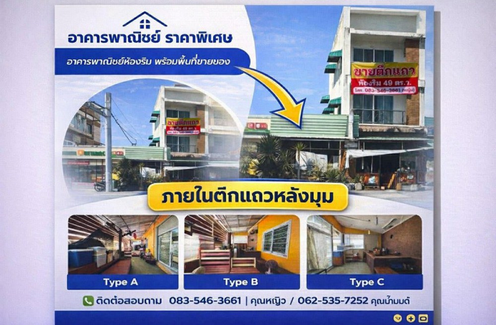 ตึกอาคารพาณิชย์ ตึกริม ติดร้านสะดวกซื้อ CJ More กม.5
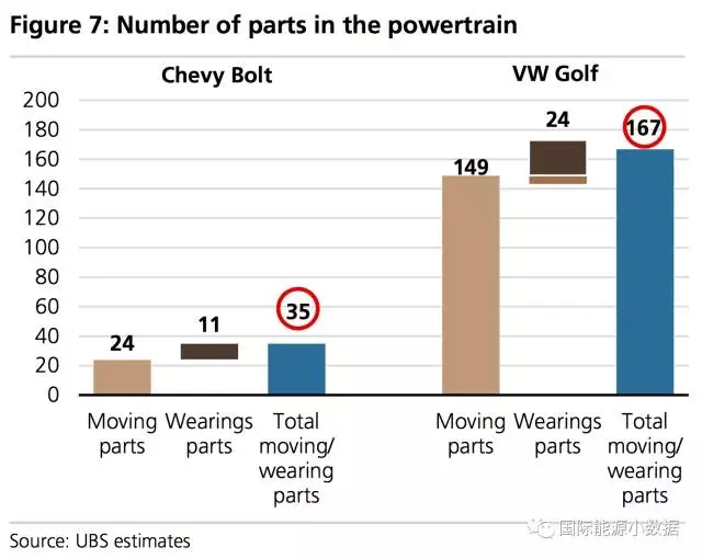 電動(dòng)汽車(chē)內(nèi)部結(jié)構(gòu)簡(jiǎn)單,很少?gòu)?fù)雜的轉(zhuǎn)動(dòng)和易損部件。電動(dòng)汽車(chē)的電池組目前成本達(dá)9000美元,2025年可跌至4000美元。
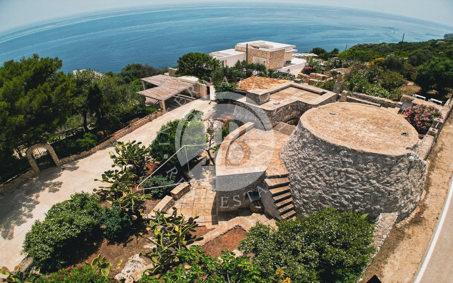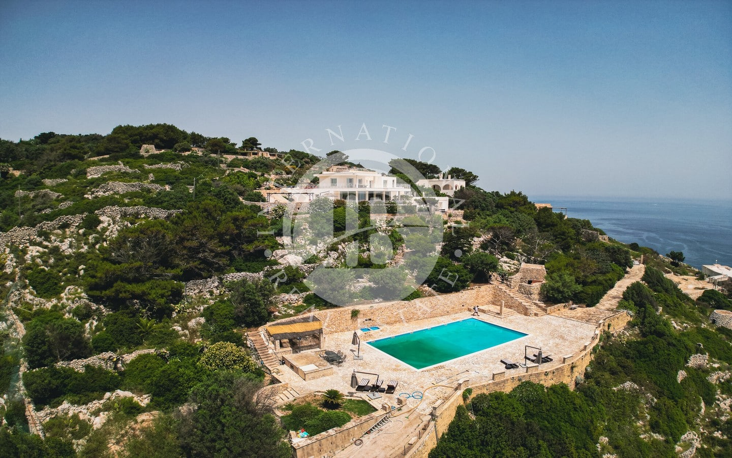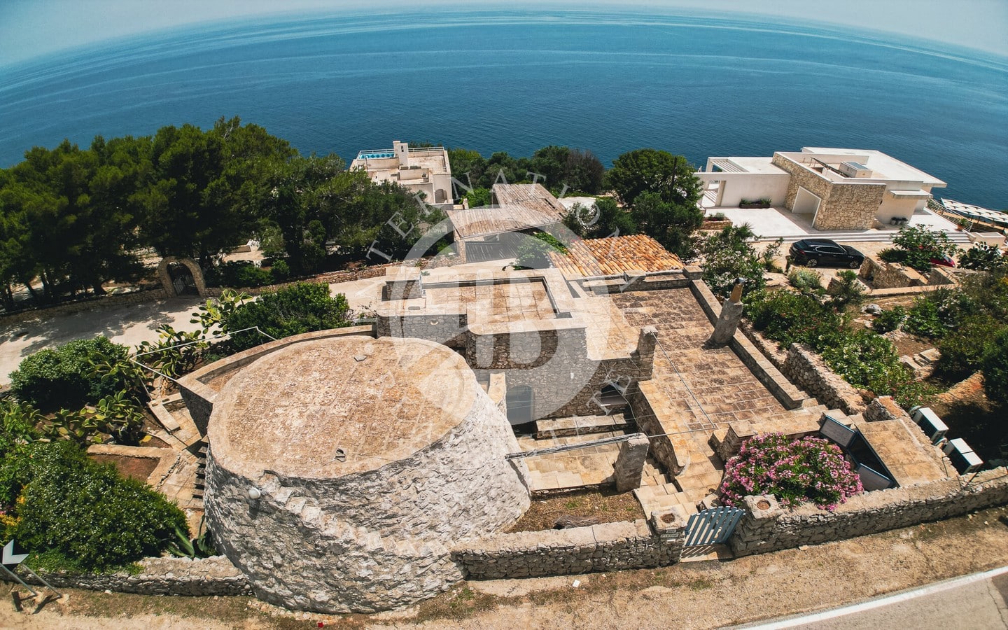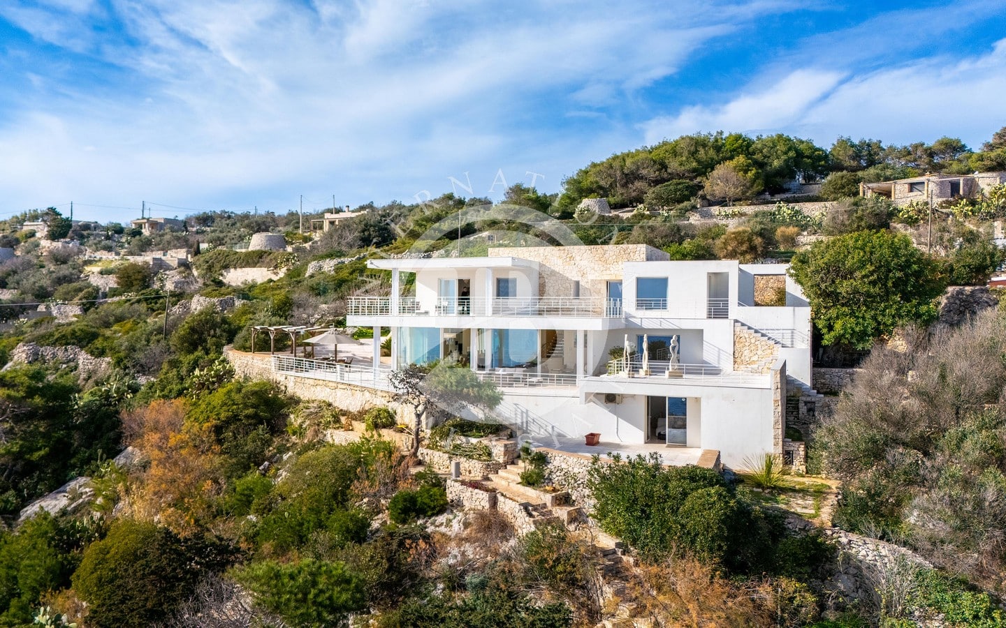 In vendita una villa di lusso di circa 480 mq complessivi, con piscina a sfioro, dependance, Guest House ricavata all’interno di caratteristici trulli restaurati, e una vista spettacolare sul mare.
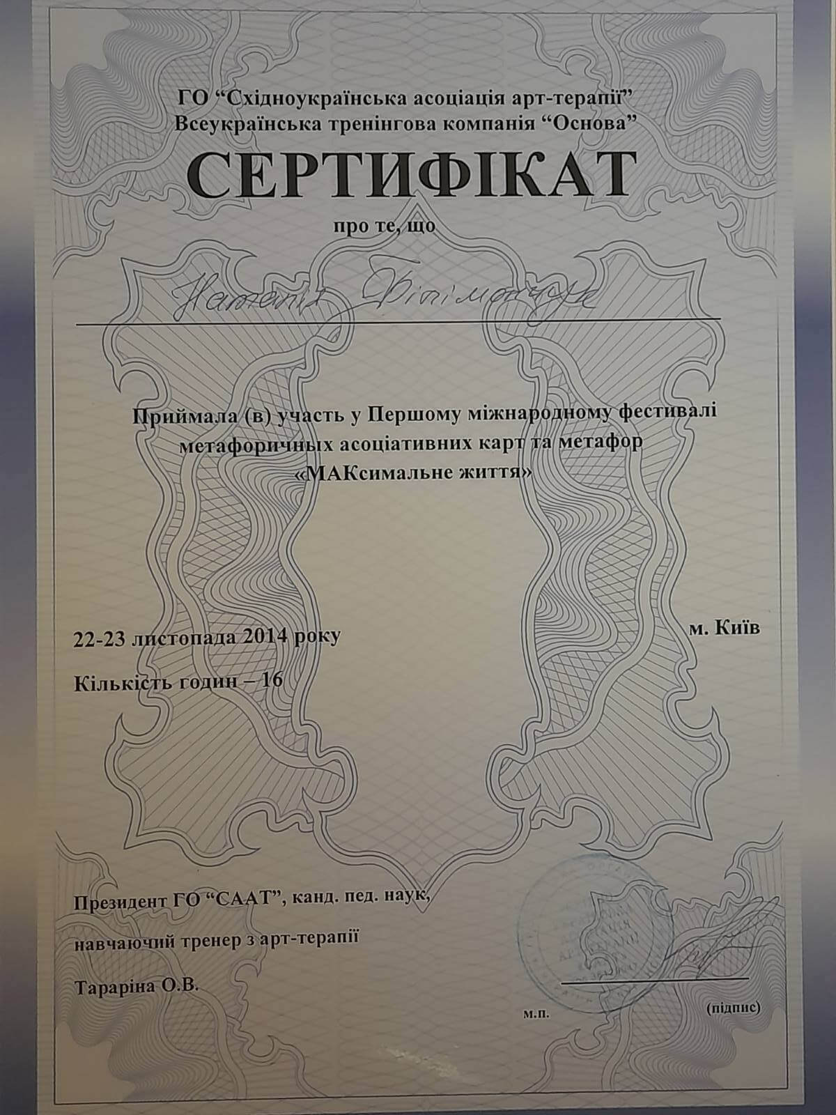 22-23 листопада 2014 року – учасник Першого міжнародного фестивалю метафор, метафоричних карт та психологічних практик «МАКсимальне життя». Сертифікат участі.
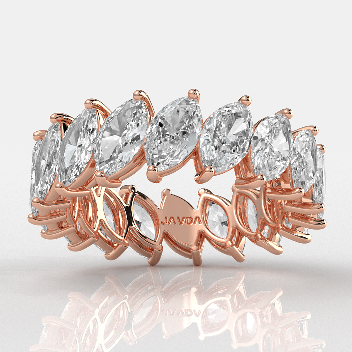 This delicate marquise HPHT lab-grown diamond wedding band handmade 14k Rose Gold. This stackable marquise diamonds women's eternity wedding band ring showcases in a shared prong setting. Mix and match this stackable ring with any other ring for fashionable look. Also available in 14k & 18k white gold, yellow gold, rose gold and platinum 950. If you don't find your desired jewelry, please don't hesitate to contact our designer to make your custom jewelry design. (4.59Ct. tw.)
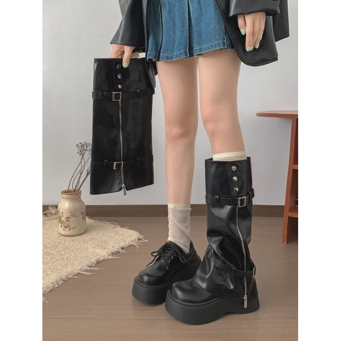 黑色復古英倫風厚底長筒靴女款2025新款秋冬百搭配裙子增高長靴子
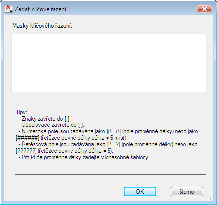 - V dialogu Zadat klíčové řazení zadejte klíčové řazení masky pro každý vzor klíče ve vybrané databázi. Použijte odlišnou čáru pro každou masku.
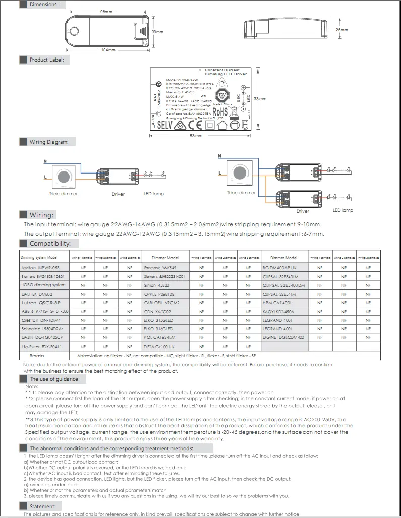 高品質のPE294R 42V最大200maの定電流トライアック調光LEDドライバーは、中国のメーカーStarwellによって開発された定電流調光LEDダイバーの1つで、高力率、高効率、高精度、高性能コンポーネント上の効率的で安定した低損失スイッチ制御チップの使用により、低ノイズ、長寿命およびその他の特性を備えています。

*Description of the task*:
Exact copy, pictures removed: set down the whole listing above.

*Answer box*:
 ตึกอาคารพาณิชย์ ตึกริม ติดร้านสะดวกซื้อ CJ More กม.5
 電動(dòng)汽車(chē)內(nèi)部結(jié)構(gòu)簡(jiǎn)單,很少?gòu)?fù)雜的轉(zhuǎn)動(dòng)和易損部件。電動(dòng)汽車(chē)的電池組目前成本達(dá)9000美元,2025年可跌至4000美元。
 In vendita una villa di lusso di circa 480 mq complessivi, con piscina a sfioro, dependance, Guest House ricavata all’interno di caratteristici trulli restaurati, e una vista spettacolare sul mare.
 22-23 листопада 2014 року – учасник Першого міжнародного фестивалю метафор, метафоричних карт та психологічних практик «МАКсимальне життя». Сертифікат участі.
 This delicate marquise HPHT lab-grown diamond wedding band handmade 14k Rose Gold. This stackable marquise diamonds women's eternity wedding band ring showcases in a shared prong setting. Mix and match this stackable ring with any other ring for fashionable look. Also available in 14k & 18k white gold, yellow gold, rose gold and platinum 950. If you don't find your desired jewelry, please don't hesitate to contact our designer to make your custom jewelry design. (4.59Ct. tw.)
 黑色復古英倫風厚底長筒靴女款2025新款秋冬百搭配裙子增高長靴子
 - V dialogu Zadat klíčové řazení zadejte klíčové řazení masky pro každý vzor klíče ve vybrané databázi. Použijte odlišnou čáru pro každou masku.
 高品質のPE294R 42V最大200maの定電流トライアック調光LEDドライバーは、中国のメーカーStarwellによって開発された定電流調光LEDダイバーの1つで、高力率、高効率、高精度、高性能コンポーネント上の効率的で安定した低損失スイッチ制御チップの使用により、低ノイズ、長寿命およびその他の特性を備えています。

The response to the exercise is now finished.